▸ **Required work**
Repeat what the lines below say, word for word, and skip every image.

▸ **Information supplied**

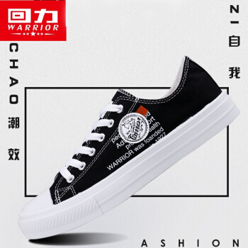 回力男鞋帆布鞋男春季新款时尚韩版板鞋潮流低帮系带休闲鞋学生运动鞋 黑色 42 |
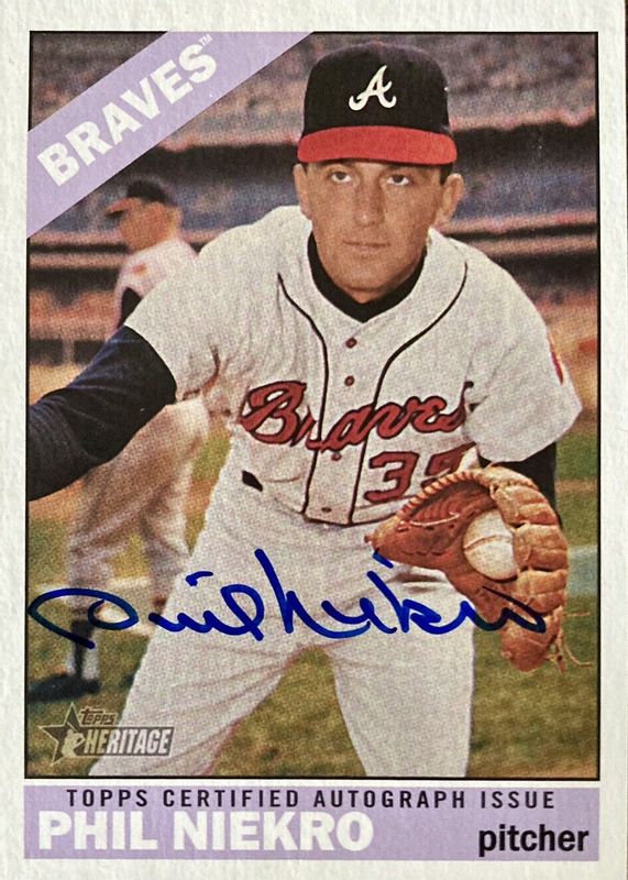 This card is 1 of 2 Phil Niekro's card variations in the 2015 Topps Heritage set being tracked by Sports Card Investor, including Real One Autographs - Red Ink /66.
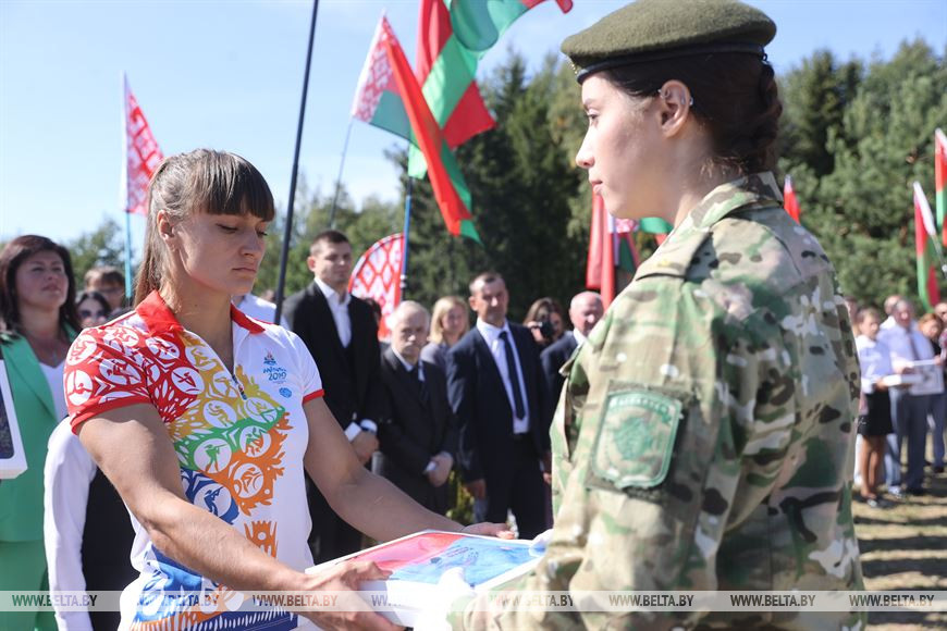 На аллее будет представлена и Минская область, всего на ней разместится более 150 полотен с символикой городов. Почетное право принять их от заслуженных представителей области и передать председателю общественного объединения "Патриоты Беларуси" Николаю Зарубицкому получили воспитанники военно-патриотического клуба "Гранит".
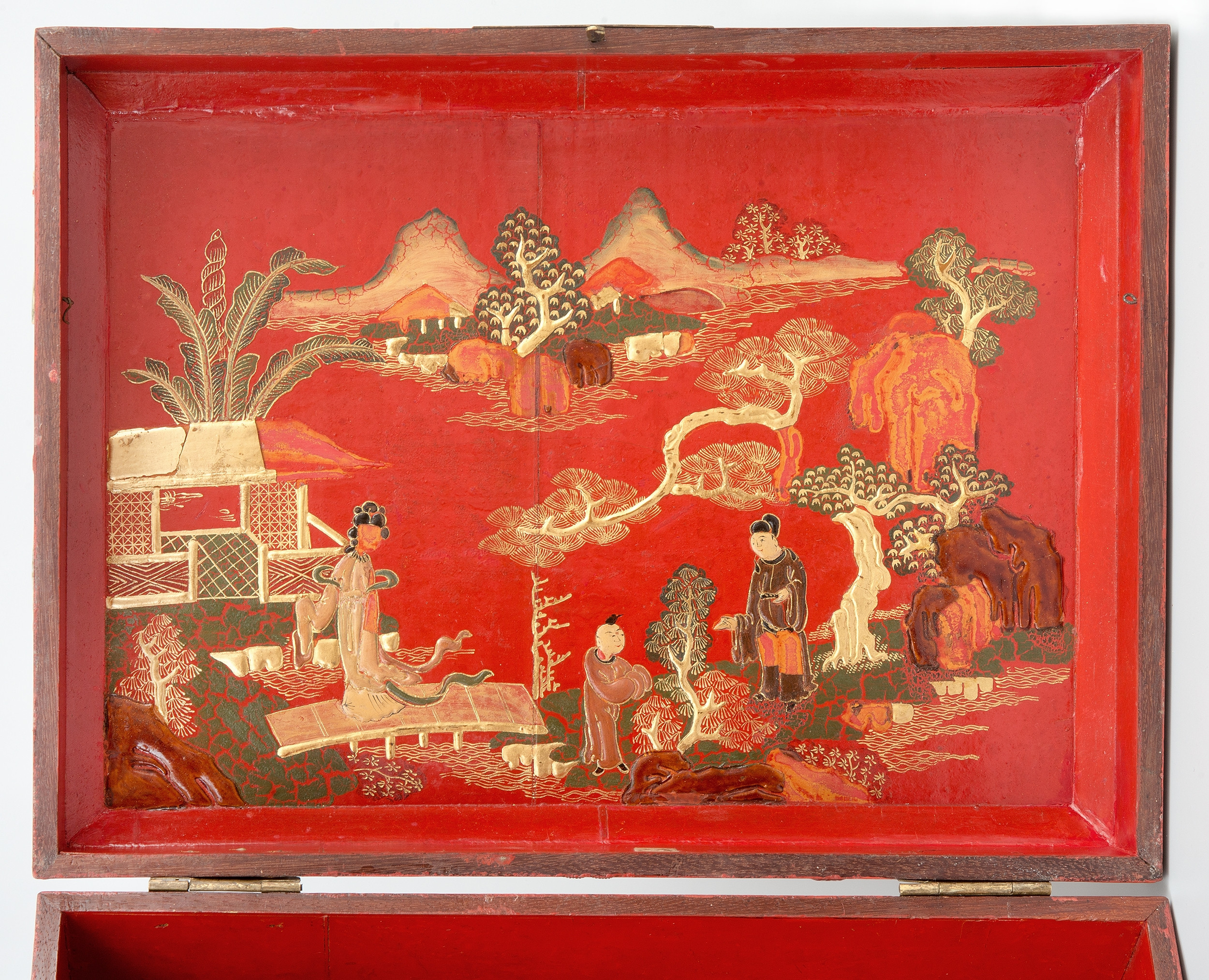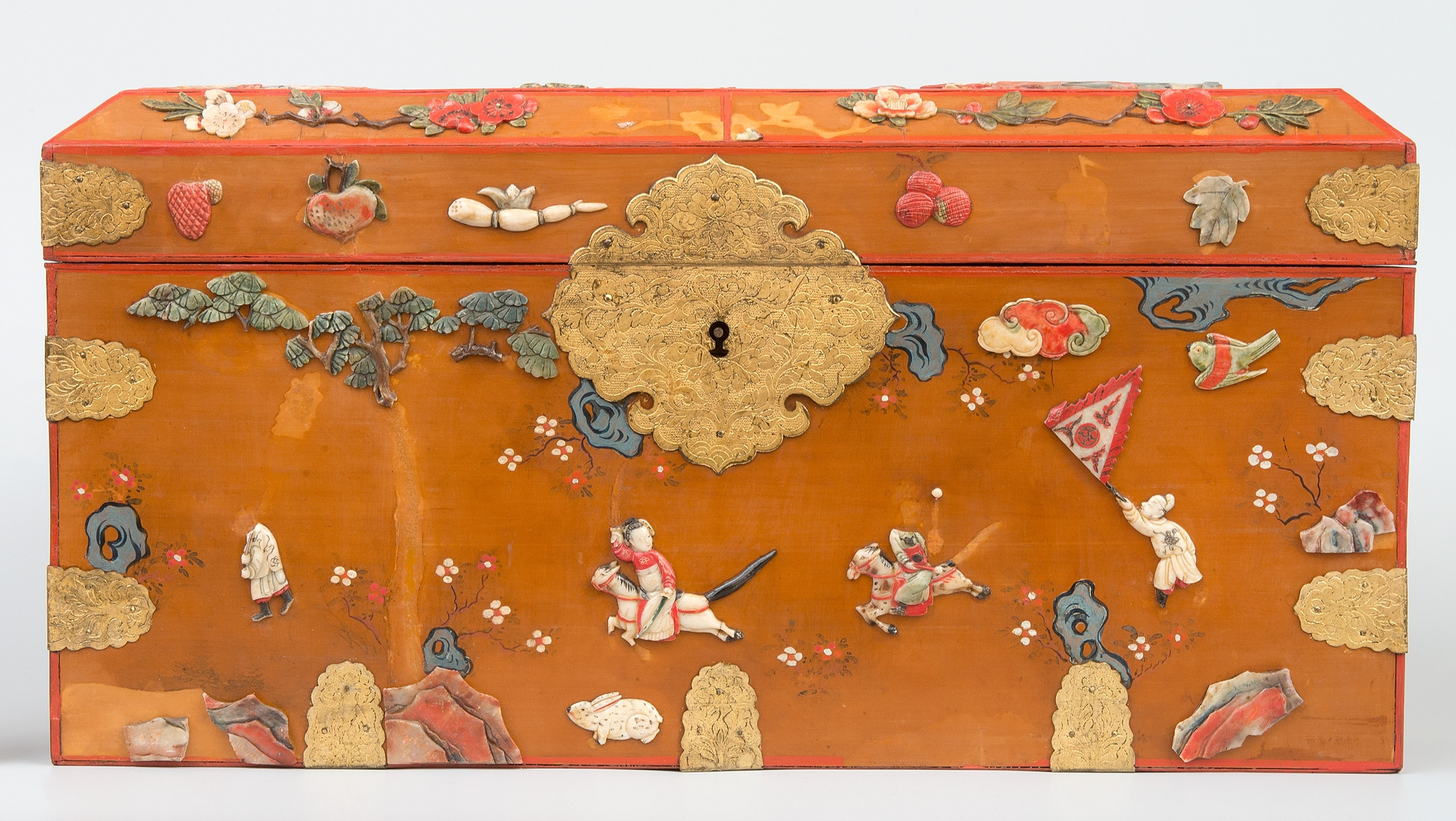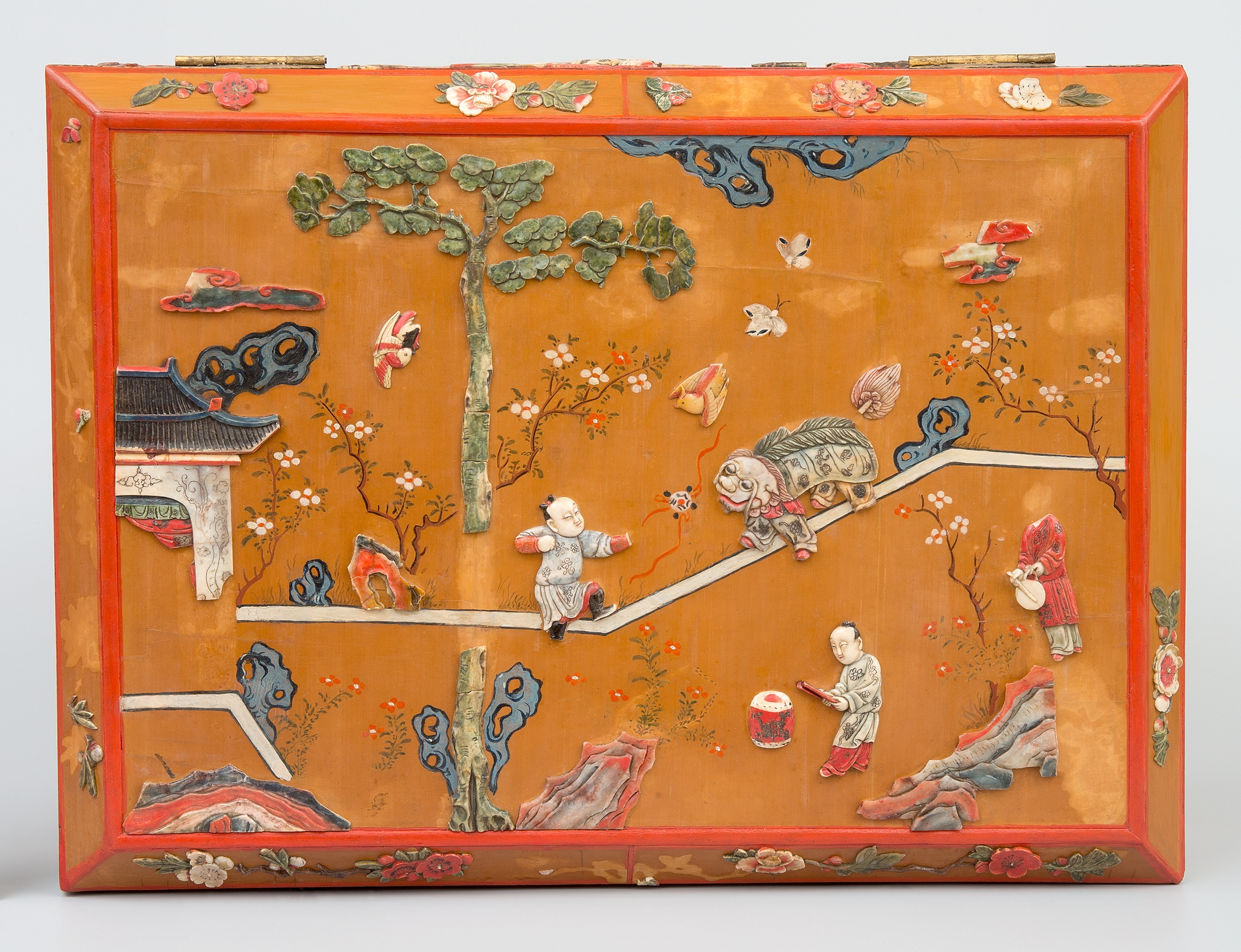 Prostopadłościenna drewniana szkatuła dekorowana laką i słonińcem. Powierzchnia puzdra została pokryta imitacją laki oraz bogactwem rzeźbionych i polichromowanych dekoracji wykonanych w kamieniu mydlanym. Front szkatuły zdobi metalowe okucie z zameczkiem, z tyłu umieszczono dwa dekoracyjne zawiasy. Po bokach pudełka zamontowano półokrągłe uchwyty z rozetkami. Wszystkie krawędzie naczynia zaakcentowano czerwienią. Dodatkowo wzmocniono i ozdobiono je podłużnymi okuciami. Wnętrze puzdra, wypełnione czerwoną imitacją laki, zdobi dodatkowo piękna scena pejzażowo-figuralna umieszczona na spodniej stronie wieka.

▸ **Answer section**
 回力男鞋帆布鞋男春季新款时尚韩版板鞋潮流低帮系带休闲鞋学生运动鞋 黑色 42 |
 This card is 1 of 2 Phil Niekro's card variations in the 2015 Topps Heritage set being tracked by Sports Card Investor, including Real One Autographs - Red Ink /66.
 На аллее будет представлена и Минская область, всего на ней разместится более 150 полотен с символикой городов. Почетное право принять их от заслуженных представителей области и передать председателю общественного объединения "Патриоты Беларуси" Николаю Зарубицкому получили воспитанники военно-патриотического клуба "Гранит".
 Prostopadłościenna drewniana szkatuła dekorowana laką i słonińcem. Powierzchnia puzdra została pokryta imitacją laki oraz bogactwem rzeźbionych i polichromowanych dekoracji wykonanych w kamieniu mydlanym. Front szkatuły zdobi metalowe okucie z zameczkiem, z tyłu umieszczono dwa dekoracyjne zawiasy. Po bokach pudełka zamontowano półokrągłe uchwyty z rozetkami. Wszystkie krawędzie naczynia zaakcentowano czerwienią. Dodatkowo wzmocniono i ozdobiono je podłużnymi okuciami. Wnętrze puzdra, wypełnione czerwoną imitacją laki, zdobi dodatkowo piękna scena pejzażowo-figuralna umieszczona na spodniej stronie wieka.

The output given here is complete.